Lest it be concluded that he was revered only by the earlier generation of officers It is interesting to read what his biographer Cmde AP Golaya, an officer of recent vintage, commissioned in the eighties, has to say about him. Golaya confesses to being a sceptic and not wanting to be taken in by the halo effect of the Admiral. And yet about AKC’s prescience he says “His foresight was immediately apparent. Much of what he had written may seem obvious, even trivial, today. The beauty is that it was written decades back. The fact that it should seem obvious today adds, not detracts, from its value…. The precise nature of the man is apparent when reading his work….. We, in the Navy, need to discover AKC – and many others like him who shaped not only the Indian Navy but also the naval thought process as we know it today.” In fact, as Golaya brings out, on a range of issues as diverse as importance of maritime trade, exploitation of oceans for economic reasons (today often used in context of Blue Economy), maritime diplomacy, use of satellites for oceanic surveillance and meteorological and hydrological ocean phenomenon, AKC could gaze far into the future and predict their possible impact.
AKC passed away on 06 Aug 2001. His foresight, vision, intellectual depth, range of interests, planning ability and steadfastness in the face of challenges mark him out as truly one of the great Indians and maritime heroes. However, he was more than that.
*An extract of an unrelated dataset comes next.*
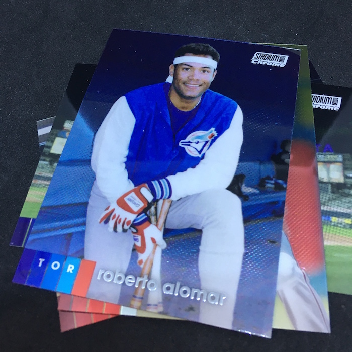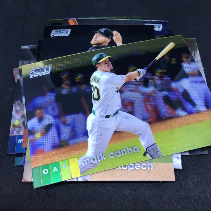 What's Buzz-worthy: There's a lot to like with this one and some little things here make this a better rip than normal Chromed stuff in a blaster. One of them? Six cards in a pack ... even though you get fewer packs that's better than the feel of only four. You get an insert or parallel in every pack based on this approach and then a blaster has a four-card bonus pack of X-Fractors. What's the drawback to all of it that got me with this box? It's a huge 400-card set so finding those key rookies and stars isn't easy ... and this box showed it. There are nearly 100 RCs to be had here and I landed four that aren't that big of a deal on cardboard. My base cards weren't much better, either, with Harper and a couple Hall of Famers not that flashy. Even the photographs in this box weren't as unusual as you would expect a Stadium Club set to have, either. My lone insert highlight if you ask me -- and it's pretty rough on that end this time, too -- was the Gold Refractor, which is one in 27 packs (seven boxes) but not a great name to find. It happens. That's actually a tougher pull than an autograph in this format -- ink is one in 19 -- but overall this box had a decent amount of variety but it didn't include enough star power. Hobby boxes include an autograph and more every time so if you're sold go that direction for sure -- at least if ink is a mandatory thing for you. If you want to build a set, a combination of a hobby box and some blasters will get it done. This format does have long-odds potential with Superfractors in every set to be found here ... so with some luck you could have a blast. All in all, I like the release but this box wasn't a good impression. We'll see how others treat me ... if I can find them.

Beyond a mere listing of his many attributes and achievements is the acknowledgement that he was the architect of modern Indian Navy. A true renaissance man with eclectic interests and passions, he would in the opinion of this author occupy the same place as Homi Bhabha, Vikram Sarabhai, Satish Dhawan, MS Swaminathan as a leader par excellence, pioneer and builder of modern India. Let us doff our caps in tribute to AKC. The Independence Day is an apt occasion to reflect on and celebrate his legacy.
Cmde Srkiant Kesnur is a serving Navy officer with interest in contemporary naval history.